You’ve probably heard mixed reviews about monosodium glutamate (MSG). Perhaps you’ve heard it’s perfectly safe. Or maybe you’ve heard it causes mild problems for people who have a sensitivity to it. Or maybe you’ve heard that it’s a toxic chemical that’s slowly killing us all. The internet is full of conflicting perspectives. To set the record straight, I’ve taken a close look at the large body of scientific research and spoken with the US Food and Drug Administration (FDA) and Ajinomoto (the world’s first producer of MSG) to learn what you need to know about MSG – what it is, why it’s used, and whether or not it’s safe.
What is MSG?
Like its name suggests, monosodium glutamate (MSG) is the product of two smaller components, each of which are present in the foods we eat every day: sodium (found, for example, in table salt) and glutamate (an amino acid). Glutamate is naturally abundant in our own bodies and in the foods we eat. It is not inherently harmful, and is vital to a wide range of biological functions.6 The human body can even create its own glutamate, so consuming glutamate in your diet isn’t necessary—though it may be difficult to avoid, since glutamate is a natural component of nearly every food protein.6
When sodium (a positively charged molecule) is combined with a negatively charged molecule, the result is called a “sodium salt”. For example, table salt (sodium and chloride) is the sodium salt of chloride. MSG (sodium and glutamate) is the sodium salt of the amino acid glutamate.2,3
The History of MSG Discovery and Production
MSG was first isolated in 1908 by Japanese scientist Kikunae Ikeda, who was searching for the compound that gave dashi (a Japanese soup base made from seaweed and fish) its distinct flavor. Eventually he was able to determine that glutamate, which occurs naturally in dashi broth, was the source. He successfully isolated and crystallized it7,8 and described the unique taste of MSG as umami, which roughly translates to delicious.7,8,9 In the year following his discovery, Ikeda and his partner founded Ajinomoto and began producing MSG for use in food.4
Over 100 years later, Ajinomoto and other modern-day manufacturers produce MSG through the fermentation of corn, sugar cane and/or tapioca.3 According to Dr. Eyassu Abegaz with Scientific and Regulatory Affairs at Ajinomoto North America, Inc., “We began manufacturing MSG in 1909, so the process is quite refined. The finished product must be at least 99% pure monosodium L-glutamate in order to comply with the Food Chemical Codex.” He added, “The glutamate in MSG is so pure that the human body is unable to distinguish it from any other source of free glutamate, such as that from meat or cheese.”
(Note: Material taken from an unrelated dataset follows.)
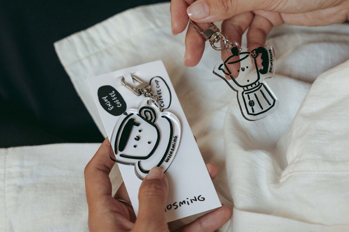 「かわいい表情のコーヒーカップとモカポットの透明キーホルダー」コーヒー好きにはたまらないアイテム。

When I asked Dr Abegaz why sodium is added to the glutamate, he replied, “When glutamate and sodium bond, it forms a pleasant-tasting crystalline powder that is easy to use, store and ship.”4
Different forms of glutamate
A quick aside. In the rest of this article, you’ll see various terms like glutamate, L-glutamate, glutamic acid, monosodium glutamate, monosodium L-glutamate, MSG, and umami. In the context of the MSG in food, they all refer to basically the same thing.
But, since some of these terms have been the subject of debate, I’ve included a detailed explanation at the bottom of this article. Scroll down for more information.
Umami—the fifth taste
It has long been suspected that humans have taste receptors specifically designed to detect umami and in 2000, researchers at the University of Miami School of Medicine finally pinpointed them.10 They found that our mouths have L-glutamate receptors (much like we have sweet and bitter receptors) which allow us to specifically recognize umami whenever free glutamate molecules touch our tongues. This has solidified umami’s classification as the fifth basic taste, alongside sweet, sour, salty and bitter.7,10,11
Although the taste sensation of umami is unique, most people find it vague and difficult to describe because it tends to serve a supporting role when combined with other flavors.7,12 Umami is perhaps best described as a meaty, mouth-filling, richly savory taste.13
In addition to the discovery of taste receptors for MSG on our tongue, scientists have also discovered glutamate receptors in our gut.6,14 It’s presumed that the purpose of these receptors is to signal the brain to prepare for the digestion of protein-rich food.8
This finding supports the theory of taste as an indicator of nutrition. It goes like this: humans tend to like sweet tastes because they signal to our body that we’re consuming carbohydrate energy. It may follow that we tend to like umami because it signals to our body that we’re consuming the protein our bodies need.7,8,4
Why is MSG added to food?
Almost all MSG added to food is added as a “flavor enhancer,” meaning it improves the perception of other flavors in a dish. MSG tends to enhance salty, savory, and other flavor characteristics, while muting bitterness and sourness. It also tends to unify and balance the flavors of a dish while causing them to linger longer on the tongue. The taste of soups, snack foods, prepared entrees and restaurant-prepared foods can all benefit from added MSG.4,12
From a food production standpoint, MSG is a popular additive because it offers an affordable way to enhance the flavor of a wide variety of savory foods. MSG can also aid in sodium reduction because it contains 30% less sodium than table salt, but its flavor boosting ability keeps low-sodium foods palatable.12 Usage levels in prepared foods are low, usually 0.1–0.8% by weight, which is similar to the concentration of free glutamate that naturally occurs in foods like tomatoes or Parmesan cheese.14
Other glutamate-rich seasonings, such as yeast extract and hydrolyzed vegetable protein (HVP), can be used to impart umami instead of MSG. Although these ingredients are not literally the same as adding a pinch of crystallized MSG to a food, the flavor enhancement effect is similar.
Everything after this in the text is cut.